# Wow - ridin' the rails, large scale style...



## Skip (Jan 2, 2008)

Wow - ridin' the rails, large scale style... Young Dylan has himself a _railroad..._


----------



## Tom Lapointe (Jan 2, 2008)

*"WOW!" is right, Paul!*/DesktopModules/NTForums/themes/mls/emoticons/w00t.gif *VERY impressive-looking mainline.* Loved your "backdrop"/DesktopModules/NTForums/themes/mls/emoticons/hehe.gif as well, including the "seldom-modeled"/DesktopModules/NTForums/themes/mls/emoticons/tongue.gif threatening /DesktopModules/NTForums/themes/mls/emoticons/crazy.gif weather!/DesktopModules/NTForums/themes/mls/emoticons/laugh.gif 
Tom


----------



## Skip (Jan 2, 2008)

Ok, can't take credit for the layout Tom - thats a 14 year old named Dylan who goes under the name "cindersnsammy" on youtube. Maybe somebody will own up to being their kid...


----------



## mhutson (Jan 2, 2008)

Guys, 
Well. let's just say "Young Dylan" has trackage rights on my railroad. He's my son. 

Cheers, 
Matt


----------



## Dennis Paulson (Jan 2, 2008)

WOW , what a layout , great video .


----------



## jimtyp (Jan 2, 2008)

Looks like the real thing! OUTSTANDING!


----------



## Ron Senek (Jan 2, 2008)

Great video like the openness of the layout


----------



## ShadsTrains (Dec 27, 2007)

I was just gonna say, hey that looks like Matt Hutson's layout..


----------



## Skip (Jan 2, 2008)

That layout gives a great sense of rolling along on real old working line - good stuff - only thing I was going to suggest is clean some the ballast out of the rails...  Nice of Dylan to let Dad use it once in a while...


----------



## Matt Vogt (Jan 2, 2008)

Incredible layout, Matt!


----------



## Mike Reilley (Jan 2, 2008)

I call this an inspirational video...I've bookmarked the U-tube video...and whenever I feel like I need a boost...I run it. Great scenics...great railroad.


----------



## Jerry Barnes (Jan 2, 2008)

NICE layout! Reminds me of Ron Seneks, his is out in the middle of no where, working with the vegetation, not bringing in anything else. You must have him beat though on the length of your layout, it's HUGE! Must be battery power! Jerry


----------



## mhutson (Jan 2, 2008)

Battery power? But of course! You mean there's another way?  

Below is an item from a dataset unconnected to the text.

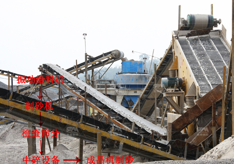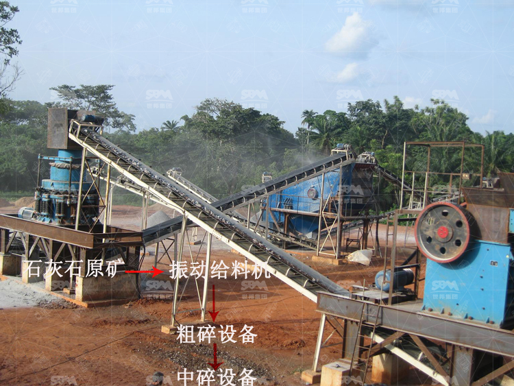主要的石灰石加工設(shè)備為顎破機、反擊破、制砂機以及洗砂機,然后輔助的設(shè)備為給料機、振動篩、輸送機等。

Thanks guys. We have a lot of fun with the layout. I didn't even know he had MADE that video until I saw it posted here. 

Cheers, 
Matt


----------



## Jerry Barnes (Jan 2, 2008)

Matt, how long is that run? Jerry


----------



## mhutson (Jan 2, 2008)

Jerry, 
The mainline is a little over 400' long. Takes about 5 minutes to complete a lap at reasonable speed. 

Matt


----------



## NTCGRR (Jan 2, 2008)

I thought it was Matt's. 
This is a very good example of blending in a RR with the landscape. The time of evening was right. I'd love to see him do one with the camera about 6 cars back like your riding in the caboose. Matt does run cabooses I think.


----------



## mhutson (Jan 2, 2008)

Marty, 
Yes, all my trains are required to operate with cabooses. FRA rules and all, y'know. I'll see what we can do. 

Cheers, 
Matt


----------



## Dylanfreeski123 (Apr 13, 2008)

hey peeps, its Dylan, guess what???? that video waz taken from a flatcar being pushed by an accucraft goose, lol it was the only thing i had running when i made the video!!! 

P.S. 
cindersnsammy comes from Cinders and Sammy, my cats hehehe


----------



## pacbelt (Jul 8, 2008)

That is incredibly realistic! 
I'm jealous of Dylan, being able to run on such a nice layout1


----------